* **Dataset records**:
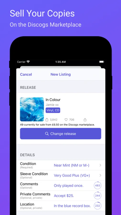 - Add details to your release such as media condition, sleeve condition, date purchased, or any notes
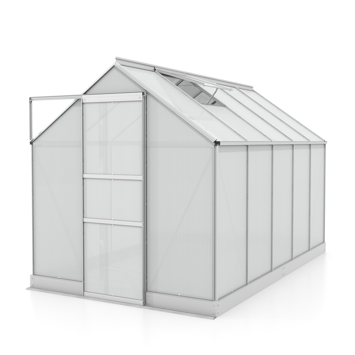 | A csomag tartalma | alumínium szerkezet, polikarbonát panelek, horganyzott acél alapkeret, 1× tetőszellőző ablak, ajtó, rögzítőelemek |
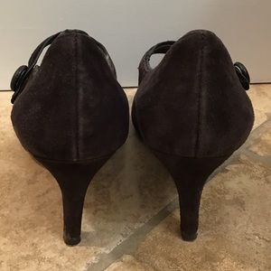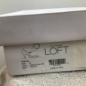 The Loft shoes are a deep chocolate suede leather. The heel is approximately 3”. These were the display pair but I’ve never worn them. There is a slight bit of wear from sliding around in the box, but they are still in great shape. (I’ll pack them better for shipping) I priced them for the imperfections. These are super cute with jeans or a business outfit. I just have way too many shoes and I need to clear them out.
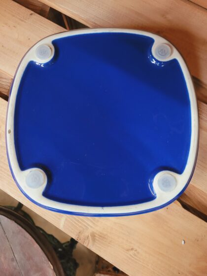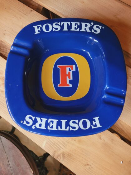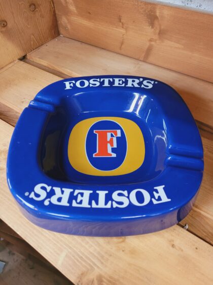A large blue glazed ceramic square ashtray. Bears white lettering which reads, "Foster's".
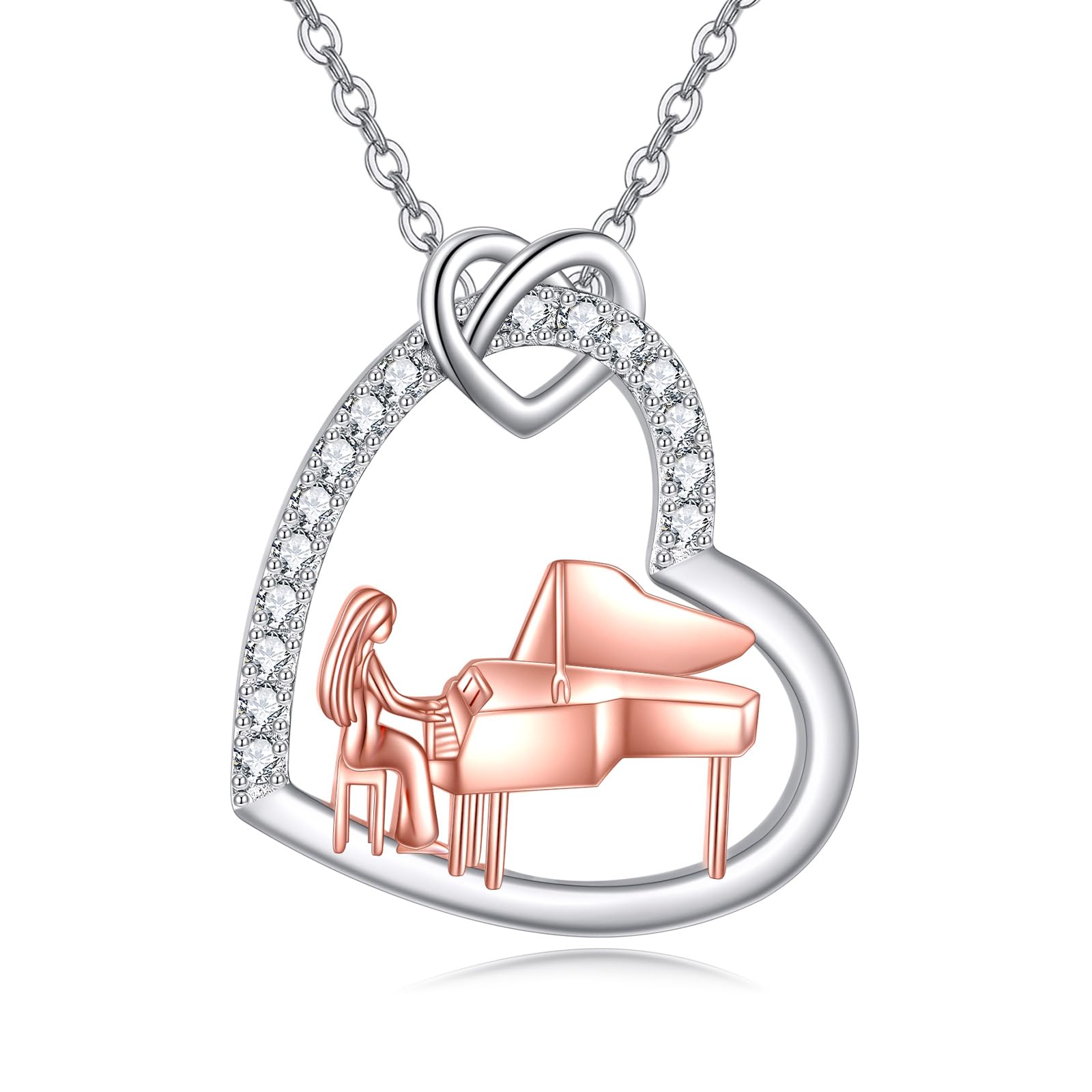 Collar de música para amantes de la música, plata de ley, oro rosa, con colgante de corazón de piano, joyería de piano, regalos de cumpleaños para mujeres

* **Aim of the task**:
Every record above must be copied exactly; none of the pictures belong in the copy.

* **Answer to the exercise**:
 - Add details to your release such as media condition, sleeve condition, date purchased, or any notes
 | A csomag tartalma | alumínium szerkezet, polikarbonát panelek, horganyzott acél alapkeret, 1× tetőszellőző ablak, ajtó, rögzítőelemek |
 The Loft shoes are a deep chocolate suede leather. The heel is approximately 3”. These were the display pair but I’ve never worn them. There is a slight bit of wear from sliding around in the box, but they are still in great shape. (I’ll pack them better for shipping) I priced them for the imperfections. These are super cute with jeans or a business outfit. I just have way too many shoes and I need to clear them out.
A large blue glazed ceramic square ashtray. Bears white lettering which reads, "Foster's".
 Collar de música para amantes de la música, plata de ley, oro rosa, con colgante de corazón de piano, joyería de piano, regalos de cumpleaños para mujeres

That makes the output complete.